Gloom, Doom, Powder Room

For all the time I spend in cemeteries, you’d think I’d have a sixth sense (or whatever it’s called) to clue me in when spirits are afloat (or aloft, or wherever they are).  No such luck.  I’m senseless when it comes to haunted places.  Never seen a ghost; never felt a spirit.

Or have I?

I also spend a lot of time in public restrooms, thanks to a bladder the size of a pea.  Over the years I’ve become quite a connoisseur of the Ladies’ Lounge, but honestly, I’ll settle for any place that has a flushing toilet and running water in the sink.

We were at the Cordelia Junction Antique Mall in Fairfield and naturally I had to pee.  Most antique malls have fru-fru ladies’ rooms, with framed art on the walls and potpourri in vases and piped-in music and two kinds of hand lotion.  Cordelia, not so much.  Okay, not at all.  This litter box was all function and no form, reminiscent of a campground lavatory or a roadside rest stop.  Well, it had tile on the floor and walls, so it wasn’t quite rest stop-ish.  But the stalls were covered in thick paint, indicative of layer over layer over layer – no stripping and sanding and priming when these boards get grimy; just give ’em another coat of some generic non-color paint from the “oops” selection at Home Depot.  The long, narrow room seemed dimly lit, despite the lights on the ceiling and over the sink.  It felt oppressive.

I prefer the big stall (honestly, who doesn’t?) but to my disappointment the latch on the door of Cordelia’s big stall would not lock.  I was all alone in there (or so I thought) but still, I like my privacy.  The two middle stalls were out of order so I was left with the one closest to the sink.  It did the job, but I couldn’t shake the feeling that I was in a cinderblock box at Camp Crystal Lake.

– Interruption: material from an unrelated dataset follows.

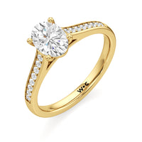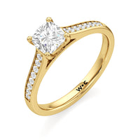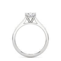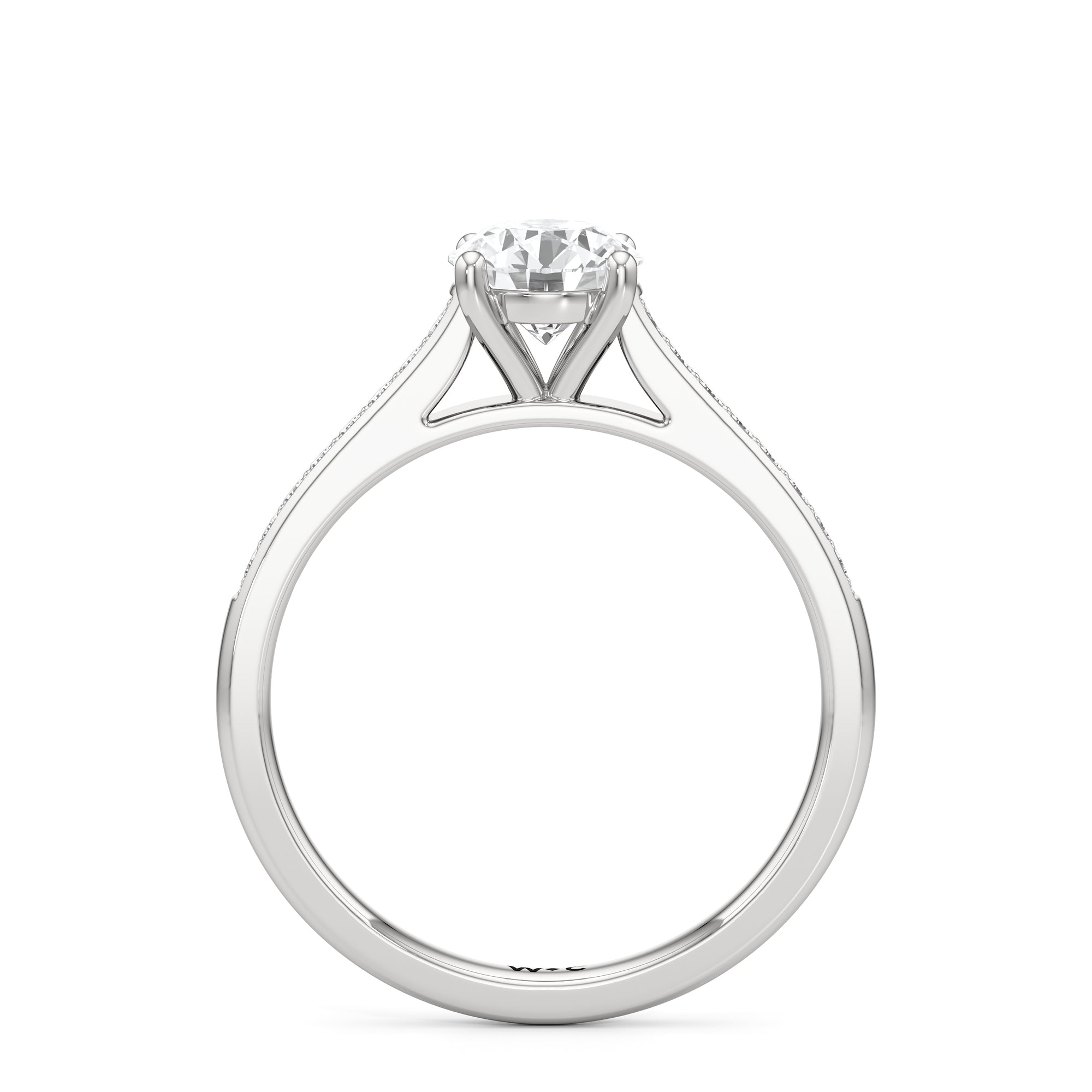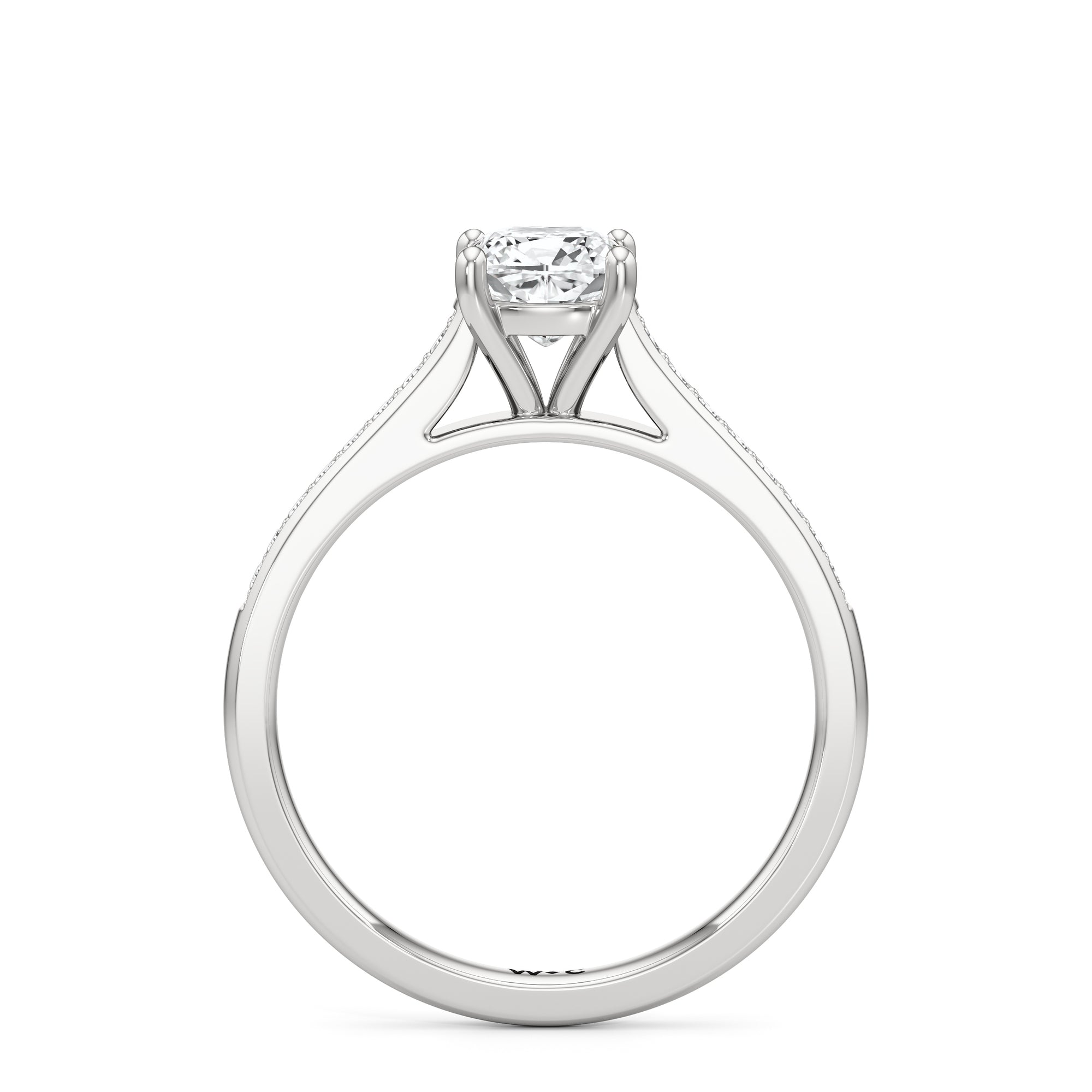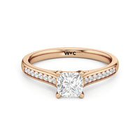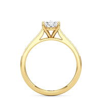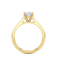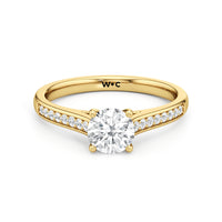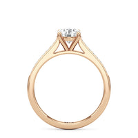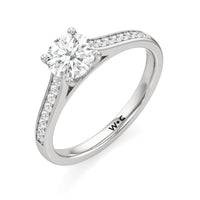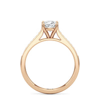 Introducing the Margot Engagement Ring, an undeniable symbol of unfading and unending love and elegance. Designed with a cathedral shank with graceful shoulders traced by a striking row of diamonds. The classic pavé band directs attention to the magnificent centre stone, which is cradled by a four-prong setting.

There was nothing overtly creepy in there, really, but my mind kept flashing to a summer camp.  It’s late at night, I have to pee and I have to walk to the dingy, isolated latrine all by myself.  Flies dart around the bare light bulb over the door.  The fluorescent light inside buzzes ominously…

Wait a minute.  I’m in an antique store, for cryin’ out loud.

The minute I left, I forgot about it.  Later that night I looked at the pictures I took.  (What, you mean you don’t take pictures of public restrooms?)  The weird feeling came rushing back.  And then I read some online reviews for the antique store.  Out of eleven reviews, four mentioned…a ghost in the restroom.

So I ask you, Cordelia Junction, were you built on the site of a long-gone summer camp with a cursed lake and a murder or two?